这些质疑始于2023年的世锦赛。在当时的赛程还在进行时,IBA(国际拳击协会,2019年前前身为AIBA)宣布Khelif和林郁婷的血液检测结果不符合世锦赛女性组的参赛标准。
林郁婷在公视P新闻实验室后来的采访中回忆道,当时她高兴地准备上台领取57公斤级的铜牌,工作人员却突然把她和教练拉到一旁,要求ta们签一张由于检测结果不合格而放弃领奖的文件。“签了就是没有这块牌,不签也没有这块牌。”Khelif的66公斤级决赛资格也被一并取消。
IBA公布的次日董事会记录中显示,该决定同时基于两人2022年和2023年世锦赛的检查结果,两次的实验室均为独立实验室,并来自不同的国家。两人在两次的检测中都没有达到IBA的“某一条标准”。

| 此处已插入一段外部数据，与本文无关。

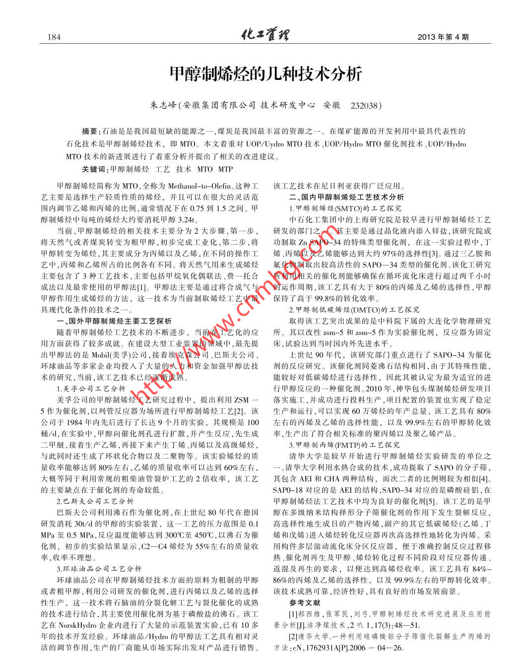 184化工管理2013年第4期.甲醇制烯烴的幾種技術(shù)分析朱志峰(安徽集團(tuán)有限公司技術(shù)研發(fā)中心安徽232038)摘要:石油是是我國最短缺的能源之一,煤炭是我國最豐富的資源之--。在煤礦能源的開發(fā)利用中最具代表性的石化技術(shù)是甲醇制烯烴技術(shù),即MTO。本文著重對(duì)UOP/Uydro MTO技術(shù).UOP/Hydro MTO催化劑技術(shù)、U0OP/ HydroMTO技術(shù)的新進(jìn)展進(jìn)行了著重分析并提出了相關(guān)的改進(jìn)建議。關(guān)鍵詞:甲醇制烯烴工藝技術(shù)MTO MTP甲醇制烯烴簡(jiǎn)稱為MTO,全稱為Methanol--to--Olein。這種工該工藝技術(shù)在尼日利亞獲得廣泛應(yīng)用。藝主要是選擇生產(chǎn)輕質(zhì)性質(zhì)的烯烴,并且可以在很大的靈活范二、國內(nèi)甲醇制烯烴工藝技術(shù)分析圍內(nèi)調(diào)節(jié)乙烯和丙烯的比例,通常情況下在0.75到1.5之間。甲1.甲醇制烯烴(SMTO)的工藝探究醇制烯烴中每噸的烯烴大約要消耗甲醇3.24t。中石化工集團(tuán)中的上海研究院是較早進(jìn)行甲醇制烯烴工藝當(dāng)前,甲醇制烯烴的相關(guān)技術(shù)主要分為2大步驟,第一步,研發(fā)的部門之--。其主要是通過晶化液內(nèi)添人鋅鹽,該研究院成將天然氣或者煤炭轉(zhuǎn)變?yōu)榇旨状?初步完成工業(yè)化,第二步,將功制取 Zn SAP0-34的特殊類型催化劑,在這一實(shí)驗(yàn)過程中,丁甲醇轉(zhuǎn)變?yōu)橄N,其主要成分為丙烯以及乙烯,在不同的操作工烯、丙烯以及乙烯能夠達(dá)到大約97%的選擇性[3]。通過三乙胺和藝中,丙烯和乙烯所占的比例各有不同。將天然氣用來生成烯烴氟化物制取出較高活性的SAP0-34類型的催化劑。該化工研究主要包含了3種工藝技術(shù),主要包括甲烷氧化偶聯(lián)法、費(fèi)-托合所利用相關(guān)的催化劑能夠確保在循環(huán)流化床進(jìn)行超過兩千小時(shí)成法以及最常使用的甲醇法[]。甲醇法主要是通過將合成氣與的運(yùn)作周期,該工藝具有大于80%的丙烯及乙烯的選擇性,甲醇甲醇作用生成烯烴的方法,這一技術(shù)為當(dāng)前制取烯烴工藝中最保持 了高于99.8%的轉(zhuǎn)化效率。具現(xiàn)代化條件的技術(shù)之-一。2.甲醇制低碳烯烴(DMTO)的工藝探究一、國外甲醇制烯烴主要工藝探析取得該工藝突出成果的是中科院下屬的大連化學(xué)物理研究隨著甲醇制烯烴工藝技術(shù)的不斷進(jìn)步,當(dāng)前在工藝化的應(yīng)所。 其以改性zsm -5和zsm- -5作為實(shí)驗(yàn)催化劑,反應(yīng)器為固定用方面獲得了較多成就。在建設(shè)大型工業(yè)裝置的領(lǐng)域中,最先提床,試驗(yàn)達(dá)到當(dāng)時(shí)國內(nèi)外先進(jìn)水平出甲醇法的是Mobil(美乳)公司,接著埃克森公司、巴斯夫公司、上世紀(jì) 90年代,該研究部門重點(diǎn)進(jìn)行了SAP0- -34為催化環(huán)球油品等多家企業(yè)均投入了大量的人力和資金加強(qiáng)甲醇法技劑的反應(yīng)研究。該催化劑同菱沸石結(jié)構(gòu)相同,由于其特殊性能,術(shù)的研究,當(dāng)前,該工藝技術(shù)已經(jīng)逐漸成熟。能較好對(duì)低碳烯烴進(jìn)行選擇性,因此其被認(rèn)定為最為適宜的進(jìn)1.美孚公司工藝分析行甲醇反應(yīng)的-.種催化劑。2010年,神華包頭煤制烯烴研發(fā)項(xiàng)目美孚公司的甲醇制烯烴工藝研究過程中,提出利用ZSM一落 實(shí)施工,并成功進(jìn)行投料生產(chǎn),項(xiàng)目配置的裝置也實(shí)現(xiàn)了穩(wěn)定5作為催化劑,以列管反應(yīng)器為場(chǎng)所進(jìn)行甲醇制烯烴工藝[2]。該生產(chǎn)和運(yùn)行,可以實(shí)現(xiàn)60萬烯烴的年產(chǎn)總量,該工藝具有80%公司于1984 年內(nèi)先后進(jìn)行了長(zhǎng)達(dá)9個(gè)月的實(shí)驗(yàn),其規(guī)模是100左右的丙烯 及乙烯的選擇性能,以及99.9%左右的甲醇轉(zhuǎn)化效桶/d,在實(shí)驗(yàn)中,甲醇向催化劑孔進(jìn)行擴(kuò)散,并產(chǎn)生反應(yīng),先生成率,生產(chǎn)出了符合相關(guān)標(biāo)準(zhǔn)的聚丙烯以及聚乙烯產(chǎn)品。二甲醚,接著生產(chǎn)乙烯,再接下來產(chǎn)生丁烯、丙烯以及高級(jí)烯烴,3.甲醇制丙烯(FMTP)的工藝探究與此同時(shí)還生成了環(huán)狀化合物以及二聚物等。該實(shí)驗(yàn)烯烴的質(zhì)清華大學(xué)是較早開始進(jìn)行甲醇制烯烴實(shí)驗(yàn)研發(fā)的單位之量收率能夠達(dá)到80%左右,乙烯的質(zhì)量收率可以達(dá)到60%左右,清華大學(xué)利用水熱合成的技術(shù),成功提取了SAP0的分子篩,大概等同于利用常規(guī)的粗柴油管裂爐工藝的2倍收率,該工藝其包含AEI和CHA兩種結(jié)構(gòu),而次二者的比例則較為相似[4]。的主要缺點(diǎn)在于催化劑的壽命較低。SAP0-18對(duì)應(yīng)的是AEI的結(jié)構(gòu),SAP0-34對(duì)應(yīng)的是磷酸硅鋁,在2.巴斯夫公司工藝分析甲醇制烯烴法工藝技術(shù)中均為良好的催化劑[5]。該工藝的是甲巴斯夫公司利用沸石作為催化劑,在上世紀(jì)80年代在德國醇 在多級(jí)納米結(jié)構(gòu)擇形分子篩催化劑的作用下發(fā)生裂解反應(yīng),研發(fā)消耗30u/d的甲醇的實(shí)驗(yàn)裝置,這一工藝的壓力范圍是0.1高 選擇性地生成目的產(chǎn)物丙烯,副產(chǎn)的其它低碳烯烴(乙烯、丁MPa至0.5MPa,反應(yīng)溫度能夠達(dá)到300C至450C,以沸石為催烯和戊烯)進(jìn)人烯烴轉(zhuǎn)化反應(yīng)器再次高選擇性地轉(zhu

这“某一条标准”内容上的含糊不清,成了后来谣言和争议的导火索。尽管在正式发布处罚决定时,IBA以“维护其规则和条例以及运动员的个人和医疗隐私”为由,拒绝公开两人检测失败的具体标准;时任主席,俄籍的Umar Kremlev却在自己个人的Telegram Channel 上谈及董事会会议内容时称,“根据一系列DNA测试的结果,我们确定了一些试图欺骗同侪并假装成女性的运动员。根据测试结果,他们有XY染色体。”
俄罗斯媒体TASS报道了这一言论,并引起了更广泛的关注。一年后的8月1日,IBA在回顾此决定时,又一次对具体的检测内容避而不谈,但强调说检测项目并非睾酮水平,而是“另外一个受认可的检查,具体内容不予透露。”
●2023年3月26日,国际拳联主席Umar Kremlev 的Telegram Channel更新。左侧为“XY染色体”言论的出处,右侧为当天稍晚些时候的自拍视频,配字“我喜欢找点乐子”
Telegram Channel的概念,类似于只能由群主发言的群聊。Kremlev在这里只使用俄语,还发了大量自拍视频。尽管“染色体“一词从来未曾出现在IBA的官方声明中,Kremlev也未提供任何进一步的医疗证据,IBA的这一决定在舆论的传播过程中,却迅速演变为“IBA发现两位选手为男性”,“两位跨性别拳手被获准参加奥运会”。
而且,不止是一般的互联网用户产生这样的理解,就连具有相当影响力的媒体,如每日邮报和每日电讯报,也在标题中直接用“生理男性”来指称Imane Khelif。
巴黎奥运会的拳击项目有跨性别者参赛吗?有的,但不是她们两人。
菲律宾队的Hergie Bacyadan认同为跨性别男性,7月31日时经在75公斤级女子的预赛对战了中国选手李倩,首战出局。在拳击之外,认同为跨性别和非二元的Nikki Hiltz将代表美国参加女子组的1500米比赛;认同为非二元的Quinn是加拿大女足队的一名中场。三个人的情况均属于FTM+ (生理性别为女性,但认同不是),但未使用睾酮等性别过渡治疗的激素。
●菲律宾拳手Hergie Bacyadan
与之相对的是,护照性别为女的Imane Khelif和林郁婷,从未有过自我认同为跨性别,或修改证件性别的报道。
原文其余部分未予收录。